As measurements from the same subjects are not independent, we performed our experiments according to the leave-one-subject-out cross-validation schema. As our dataset contains measurements from 49 subjects, we had 49 rounds of cross-validation. In each round, the instances belonging to one of the subjects were used as test data, while the instances of the remaining 48 subjects were used as training data.
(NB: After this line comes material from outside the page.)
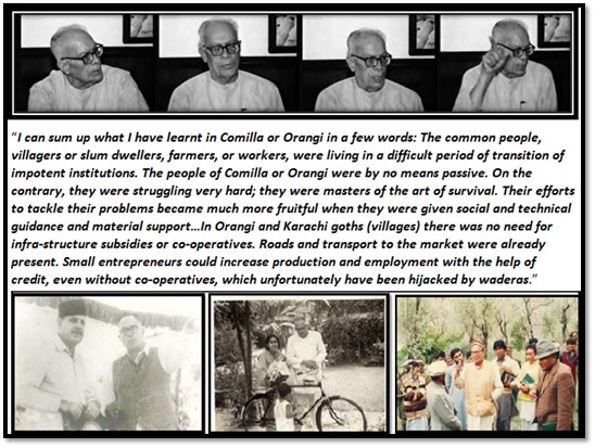 In another narrative “What I learnt in Comilla and Orangi,” AHK observes, “I can sum up what I have learnt in Comilla or Orangi in a few words: The common people, villagers or slum dwellers, farmers, or workers, were living in a difficult period of transition of impotent institutions. The people of Comilla or Orangi were by no means passive. On the contrary, they were struggling very hard; they were masters of the art of survival. Their efforts to tackle their problems became much more fruitful when they were given social and technical guidance and material support…In Orangi and Karachi goths (villages) there was no need for infra-structure subsidies or co-operatives. Roads and transport to the market were already present. Small entrepreneurs could increase production and employment with the help of credit, even without co-operatives, which unfortunately have been hijacked by waderas.”

We performed feature selection with both methods (i.e., the mGA and LASSO) using the training data.^{Footnote 1} Subsequently, both sets of selected features were evaluated.

For LASSO, we set the parameter $\lambda $ to 0.005 in order to restrict the number of selected features to be around the number of instances ($154 \pm 5.1$).^{Footnote 2} The parameter values used for mGA are presented in Table 10.1. The values of $p_m$ and $p_{in}$ were set empirically to limit the number of selected features (starting with approx. 500 and increasing only if better sets are generated) in order to avoid overfitting caused by selecting unnecessarily large feature sets.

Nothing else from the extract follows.